What is expected =>
Where the listing below has a line with "В нея ще намериш: стилна", write out exactly that line and every line after it, stopping after the line with "CONJ – prefixed".

Exercise inputs =>
:::
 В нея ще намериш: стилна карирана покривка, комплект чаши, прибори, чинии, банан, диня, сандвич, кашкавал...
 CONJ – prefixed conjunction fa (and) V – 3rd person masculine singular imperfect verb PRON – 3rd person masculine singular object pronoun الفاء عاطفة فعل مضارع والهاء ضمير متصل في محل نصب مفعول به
:::
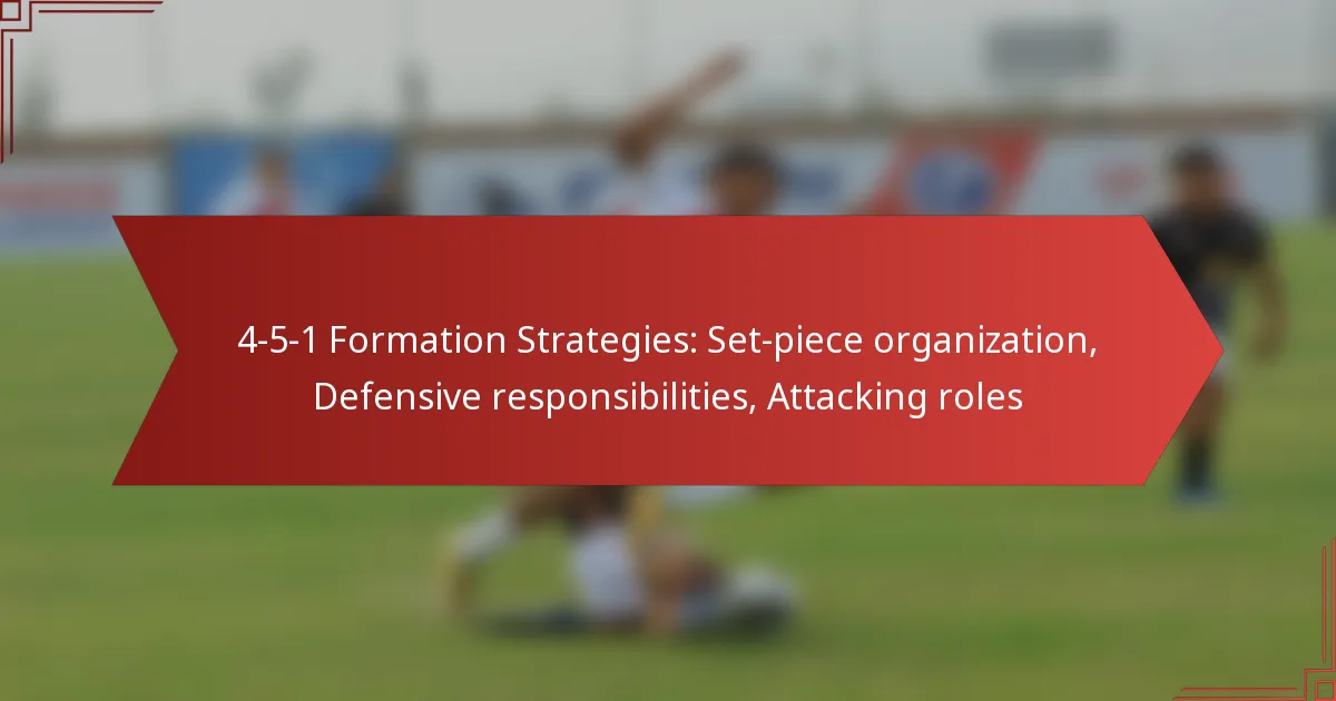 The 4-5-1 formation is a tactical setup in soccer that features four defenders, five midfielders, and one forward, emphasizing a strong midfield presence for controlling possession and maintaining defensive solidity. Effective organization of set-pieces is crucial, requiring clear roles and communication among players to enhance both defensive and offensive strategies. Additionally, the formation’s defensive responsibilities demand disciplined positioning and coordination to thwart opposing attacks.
:::
The completed task =>
 В нея ще намериш: стилна карирана покривка, комплект чаши, прибори, чинии, банан, диня, сандвич, кашкавал...
 CONJ – prefixed conjunction fa (and) V – 3rd person masculine singular imperfect verb PRON – 3rd person masculine singular object pronoun الفاء عاطفة فعل مضارع والهاء ضمير متصل في محل نصب مفعول به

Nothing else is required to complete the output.